Introduction to multiobjectiveMDP

The raison d’être of multiobjectiveMDP is to draw together computational methods for analyzing and solving multi-objective Markov decision processes (MMDPs), a class of quantitative models of sequential decision making in dynamic environments where conflicting or incommensurate criteria enter simultaneously into the assessment and comparison of policy alternatives. The package currently features

As a byproduct of these implementations, multiobjectiveMDP can also be employed to solve standard Markov decision process (MDP) models, through backward induction for finite-horizon problems, policy iteration for discounted infinite-horizon ones, and linear programming for both.

In the finite-horizon case, multiobjectiveMDP allows for time heterogeneity both in the dynamics of the problem and its reward structure. In this respect it differs markedly from MDPtoolbox and pomdp, which treat only stationary (single-objective) problems.

The content of multiobjectiveMDP is described in detail in the package documentation. This vignette centers on background and basic functionality. Some of the material presented below was culled from this author’s doctoral dissertation, an electronic version of which is freely accessible on the Web.

Multi-objective Markov decision processes

It is a commonplace that the decision maker who is unduly concerned with immediate outcomes might not achieve satisfactory overall performance. An accurate appraisal of the future consequences of a course of action becomes all the more imperative, and difficult, in an environment of risk and uncertainty. Fortunately, for all the complexities of the real world, a decision-making problem can often be described adequately in quantitative terms: its dynamics can be expressed mathematically, and the criterion or set of criteria by which performance is judged can be evaluated numerically. The net result is an optimization or control model to which the techniques of operations research can be applied, provided the model is tractable.

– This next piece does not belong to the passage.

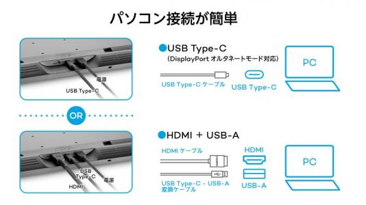 USB Type-Cケーブルまたは、HDMIケーブルとUSB Type-C to USB-Aケーブルをパソコンに接続。 シンプルで簡単に接続ができます。*電源ケーブル接続も必要です。

One commonly used model for decision making under uncertainty is the Markov decision process. The model is organized into uniform time points, called decision epochs, at which the environment subject to control occupies a state. In each state, a set of alternative actions are available for the decision maker to choose from. When an action is chosen, a real-valued reward is incurred, and the state at the following epoch is given by a probability distribution determined by the current state, the particular action and possibly the epoch. To decide what action to take in the light of what is known about the system at a given time, a policy is required. The objective of an MDP analysis is to determine policies that produce optimal performance with respect to the reward sequence. Depending on the application, we might, to cite the most common examples, seek policies that maximize the expected total reward over a finite period, or the expected discounted total reward over a long or infinite period, or the expected reward per unit time. (In a broad-gauge review, White (1988) samples a number of other interesting, less standard formulations.)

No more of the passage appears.